First Constitution of Spain

The Political Constitution of the Spanish Monarchy (Constitución Política de la Monarquía Española), also known as the Constitution of Cádiz (Constitución de Cádiz) and nicknamed La Pepa, was the first Constitution of Spain and one of the earliest codified constitutions in world history. The Constitution was ratified on 19 March 1812 by the Cortes of Cádiz, the first Spanish legislature that included delegates from the entire nation and its possessions, including Spanish America and the Philippines. "It defined Spanish and Spanish American liberalism for the early 19th century."

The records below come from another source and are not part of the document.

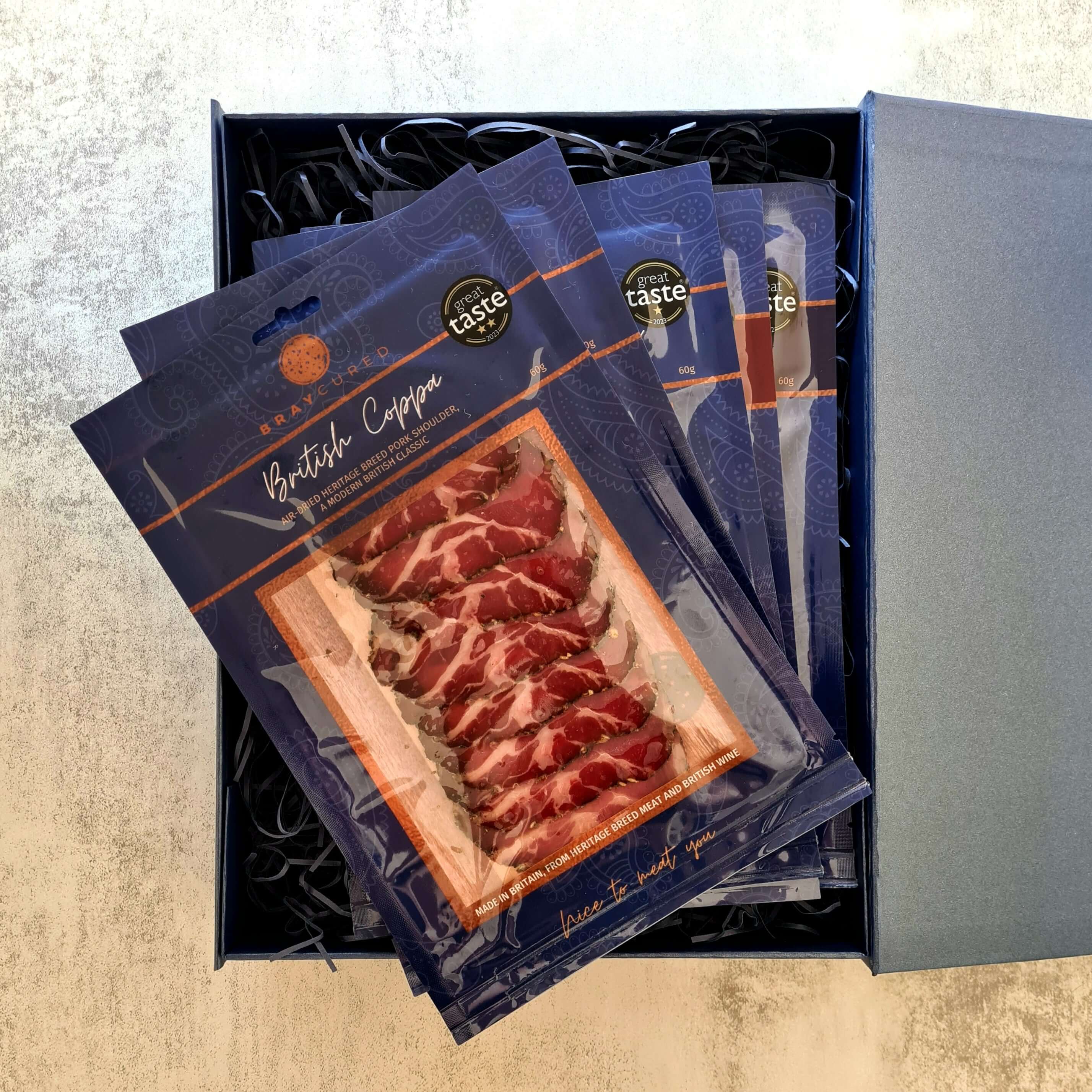 Gift the ultimate charcuterie treat to a foodie in the know. A mix of five, ten or twenty packs of our cured meats from our range, which includes sliced salamis and cured joints, award-winners, 'ndujas and spreadable salamis. Everything in the selection is small batch, hand made and created from British heritage breed meat and local wine.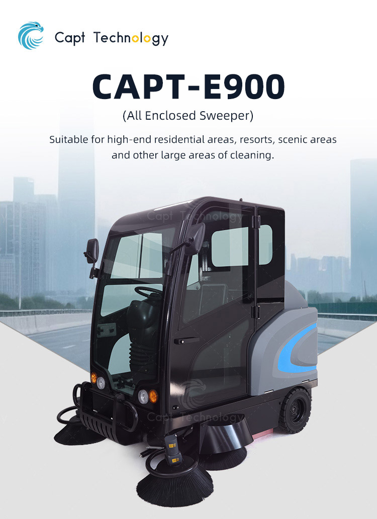 CAPT-E900 enclosed sweeper adopts fully enclosed cab design, and it is mostly suitable for using in extremely cold and harsh environment. Mostly for outdoor use, suitable for high-end residential areas, resorts, scenic areas and other large areas of cleaning.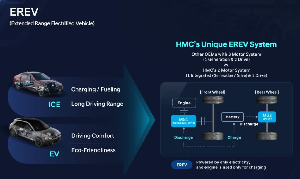 EREV는 연장형 전기차로, 주행은 전기로 하되 배터리 잔량이 부족할 경우 작은 내연기관이 발전기 역할을 해 전력을 공급하는 방식입니다. 순수 전기차처럼 주행할 수 있으면서도 긴 거리에서는 주행 거리 불안(레인지 불안) 없이 운전할 수 있는 점이 특징입니다.

The Constitution of Cádiz emerged as a response to the French occupation in a context of rivalry with the Bayonne Statute imposed by Napoleon. With the notable exception of proclaiming Roman Catholicism as the official and sole legal religion in Spain, the Constitution was one of the most liberal of its time: it affirmed national sovereignty, separation of powers, freedom of the press, free enterprise, abolished corporate privileges (fueros), and established a constitutional monarchy with a parliamentary system. It was one of the first constitutions that allowed universal male suffrage, with some exceptions, through a complex indirect electoral system. It extended political rights for representation to Spanish America and the Philippines, a significant step for the demands of overseas-born Spaniards.

When King Ferdinand VII returned to power in 1814, he dissolved the Cortes and abrogated the constitution, re-establishing absolute monarchy. The constitution was reinstated during the Trienio Liberal (1820–1823) and again in 1836–1837 while the Progressives prepared the Constitution of 1837. It was an important model for later constitutions in Spain and Spanish America. However, during the interim, in 1815, a fresh wave of military conflict unfolded as Ferdinand VII dispatched Royalist troops to reclaim control of the Americas. This era is commonly labeled as the restoration or the re-conquest. Reflections on these terms, however, delve into differences between the two. All in all, being pondered whether this period should be viewed as a restoration of Spanish authority or a re-conquest of territories.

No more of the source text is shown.